Please look for the string "with" below and report every line in which it occurs.

-- Input data follows --

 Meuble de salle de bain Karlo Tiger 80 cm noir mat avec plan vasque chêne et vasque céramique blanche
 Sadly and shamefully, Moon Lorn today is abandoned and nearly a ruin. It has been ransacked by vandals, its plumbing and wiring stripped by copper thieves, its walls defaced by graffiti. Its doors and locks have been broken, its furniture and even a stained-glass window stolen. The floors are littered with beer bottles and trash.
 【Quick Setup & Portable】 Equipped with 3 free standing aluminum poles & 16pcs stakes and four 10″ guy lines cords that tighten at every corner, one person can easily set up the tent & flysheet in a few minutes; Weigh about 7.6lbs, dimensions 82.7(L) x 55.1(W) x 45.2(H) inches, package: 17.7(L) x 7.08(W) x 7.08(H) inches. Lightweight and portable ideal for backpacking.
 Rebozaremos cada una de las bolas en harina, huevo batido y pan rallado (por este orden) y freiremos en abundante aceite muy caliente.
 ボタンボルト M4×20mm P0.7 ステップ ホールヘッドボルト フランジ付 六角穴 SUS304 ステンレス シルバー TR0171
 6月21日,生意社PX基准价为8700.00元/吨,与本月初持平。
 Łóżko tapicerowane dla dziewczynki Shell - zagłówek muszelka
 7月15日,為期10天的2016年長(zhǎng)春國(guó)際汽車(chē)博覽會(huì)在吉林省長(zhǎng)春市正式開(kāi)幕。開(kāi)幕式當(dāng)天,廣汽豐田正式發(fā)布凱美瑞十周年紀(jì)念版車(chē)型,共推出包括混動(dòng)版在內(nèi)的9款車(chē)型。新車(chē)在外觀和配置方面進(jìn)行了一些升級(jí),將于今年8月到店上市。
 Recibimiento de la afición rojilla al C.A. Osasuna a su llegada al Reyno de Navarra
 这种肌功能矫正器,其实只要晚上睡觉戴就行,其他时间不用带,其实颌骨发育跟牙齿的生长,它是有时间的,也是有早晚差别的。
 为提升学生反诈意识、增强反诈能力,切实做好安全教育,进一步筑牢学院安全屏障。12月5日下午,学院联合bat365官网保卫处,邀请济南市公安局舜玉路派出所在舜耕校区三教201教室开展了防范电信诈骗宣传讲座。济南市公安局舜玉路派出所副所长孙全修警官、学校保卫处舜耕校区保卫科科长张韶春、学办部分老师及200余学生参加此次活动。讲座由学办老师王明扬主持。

-- Input data concluded --

Response for this exercise:
 Sadly and shamefully, Moon Lorn today is abandoned and nearly a ruin. It has been ransacked by vandals, its plumbing and wiring stripped by copper thieves, its walls defaced by graffiti. Its doors and locks have been broken, its furniture and even a stained-glass window stolen. The floors are littered with beer bottles and trash.
 【Quick Setup & Portable】 Equipped with 3 free standing aluminum poles & 16pcs stakes and four 10″ guy lines cords that tighten at every corner, one person can easily set up the tent & flysheet in a few minutes; Weigh about 7.6lbs, dimensions 82.7(L) x 55.1(W) x 45.2(H) inches, package: 17.7(L) x 7.08(W) x 7.08(H) inches. Lightweight and portable ideal for backpacking.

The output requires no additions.